## EXERCISE
Please return the listing below word for word, minus its pictures.

»»

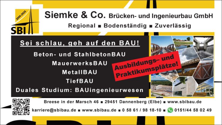 Anzeige | Offene StellenSBI Siemke & Co. Brücken- & Ingenieurbau GmbH Beton- und Stahlbetonbauer:in Duales Studium Bauingenieurwesen Handwerk & Tradition Mauerwerksbau Maurer:in Metallbauer:in Praktika
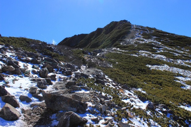 (小仙丈ヶ岳、仙丈ヶ岳、仙丈小屋の分岐から仙丈ヶ岳方面を望む。 10月14日)
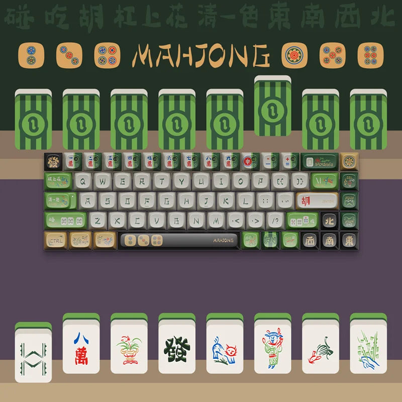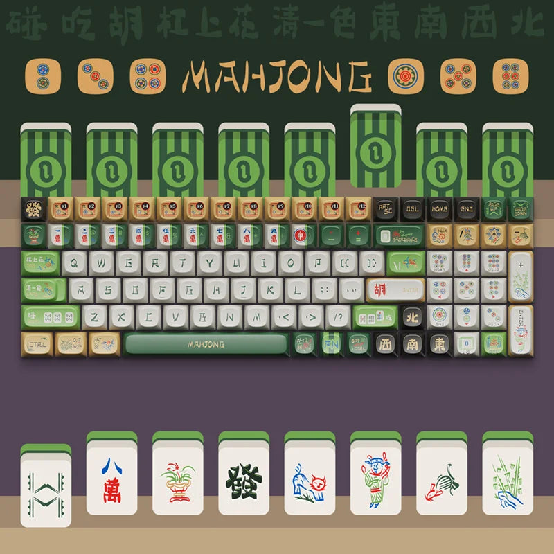 Inspired by the Chinese game, our "Mahjong Mastery" keycap set brings the essence of pastime to your fingertips. Featuring the classic green and white color scheme of Mahjong tiles. The “Enter”key, marked with "中" symbolizes victory in Mahjong’s language, turning every keystroke into a potential triumph. Directional keys are adorned with the cardinal directions "east(东), west(西), south(南), north(北)," while the numerals 1-9 are beautifully rendered in Chinese, mirroring the actual Mahjong tiles.
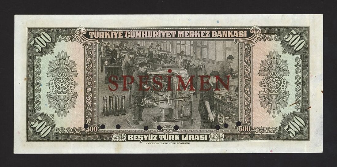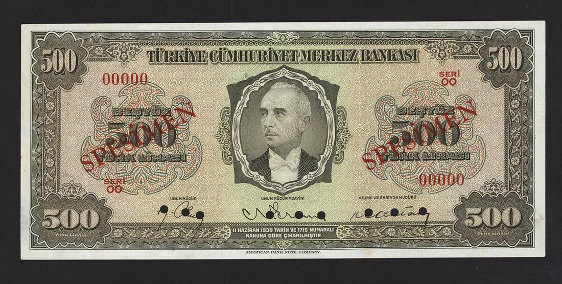 (x) Central Bank of Turkey, specimen 500 lira, 1930 (ND 1946), serial number 00 00000, (Pick 145s), about uncirculated
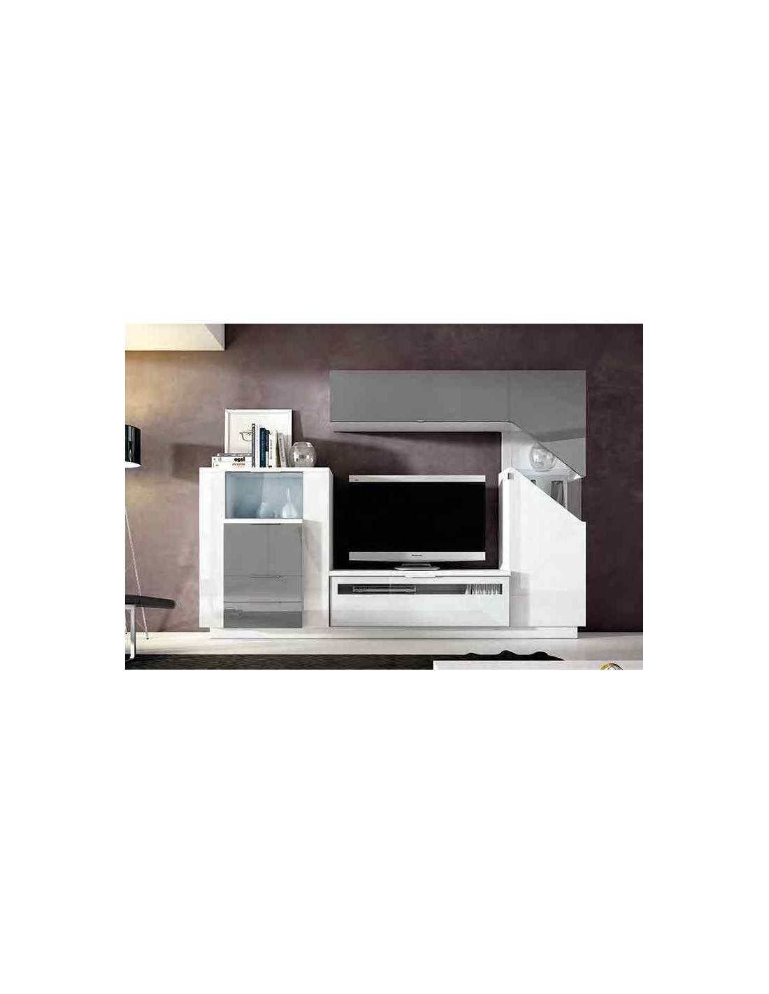 Muebles de salon diseño moderno colgados en la pared formas rectas con cirstales luces led con mesas y aparador (139)
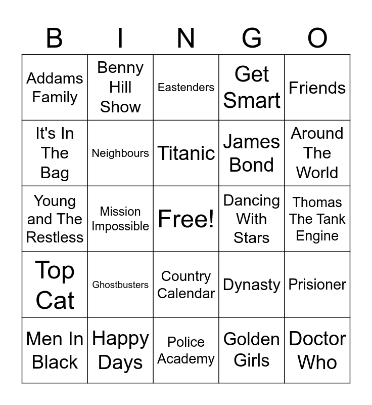 This bingo card has a free space and 24 words: Ghostbusters, Happy Days, Titanic, Men In Black, Friends, Addams Family, It's In The Bag, Benny Hill Show, Dancing With Stars, Country Calendar, James Bond, Young and The Restless, Dynasty, Prisioner, Neighbours, Golden Girls, Thomas The Tank Engine, Eastenders, Around The World, Mission Impossible, Doctor Who, Top Cat, Get Smart and Police Academy.
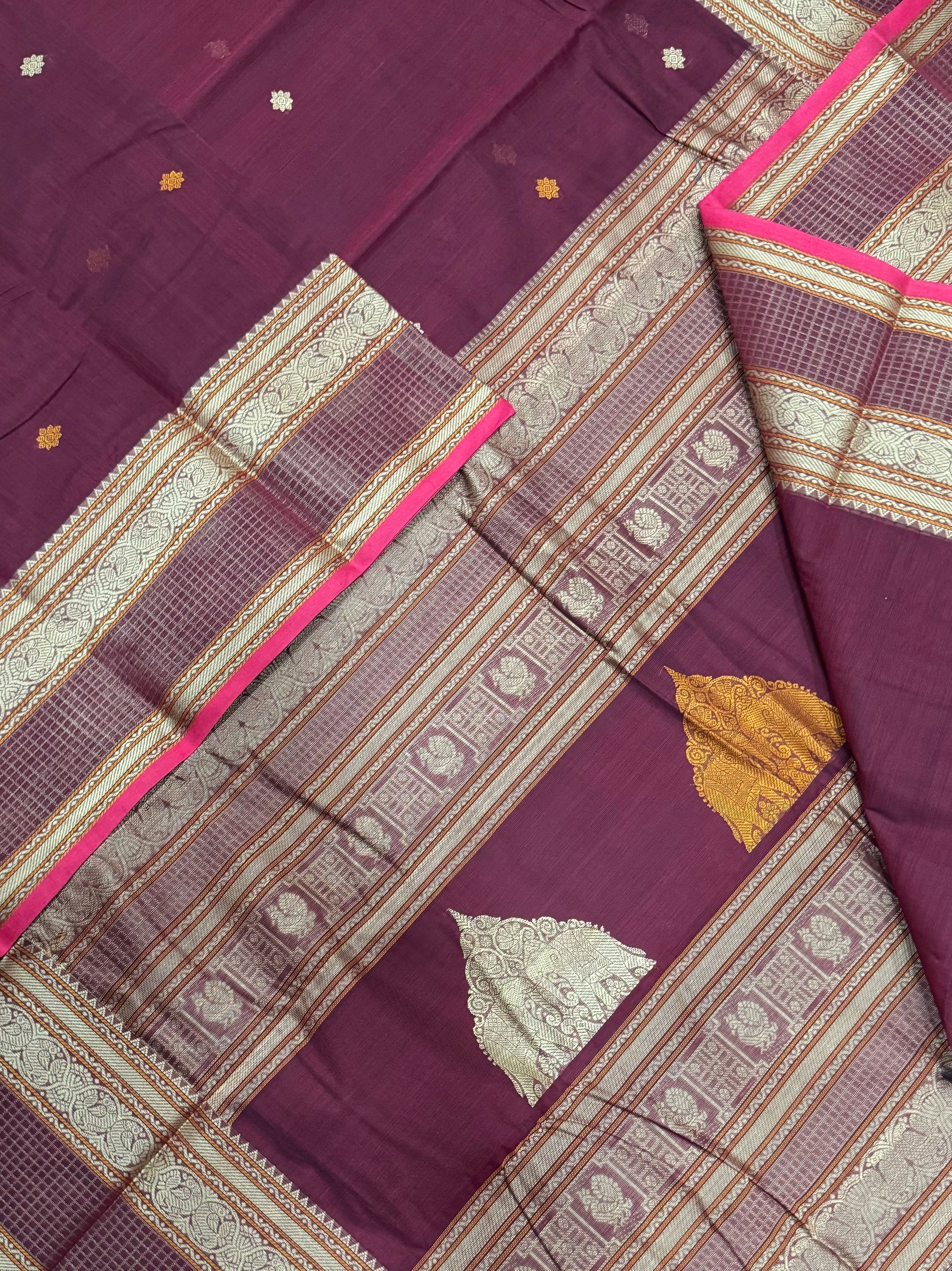 Kanchi handloom rich cotton |elephant palli motif X thread border | pastel grey x cyan blue

««

## YOUR SOLUTION
 Anzeige | Offene StellenSBI Siemke & Co. Brücken- & Ingenieurbau GmbH Beton- und Stahlbetonbauer:in Duales Studium Bauingenieurwesen Handwerk & Tradition Mauerwerksbau Maurer:in Metallbauer:in Praktika
 (小仙丈ヶ岳、仙丈ヶ岳、仙丈小屋の分岐から仙丈ヶ岳方面を望む。 10月14日)
 Inspired by the Chinese game, our "Mahjong Mastery" keycap set brings the essence of pastime to your fingertips. Featuring the classic green and white color scheme of Mahjong tiles. The “Enter”key, marked with "中" symbolizes victory in Mahjong’s language, turning every keystroke into a potential triumph. Directional keys are adorned with the cardinal directions "east(东), west(西), south(南), north(北)," while the numerals 1-9 are beautifully rendered in Chinese, mirroring the actual Mahjong tiles.
 (x) Central Bank of Turkey, specimen 500 lira, 1930 (ND 1946), serial number 00 00000, (Pick 145s), about uncirculated
 Muebles de salon diseño moderno colgados en la pared formas rectas con cirstales luces led con mesas y aparador (139)
 This bingo card has a free space and 24 words: Ghostbusters, Happy Days, Titanic, Men In Black, Friends, Addams Family, It's In The Bag, Benny Hill Show, Dancing With Stars, Country Calendar, James Bond, Young and The Restless, Dynasty, Prisioner, Neighbours, Golden Girls, Thomas The Tank Engine, Eastenders, Around The World, Mission Impossible, Doctor Who, Top Cat, Get Smart and Police Academy.
 Kanchi handloom rich cotton |elephant palli motif X thread border | pastel grey x cyan blue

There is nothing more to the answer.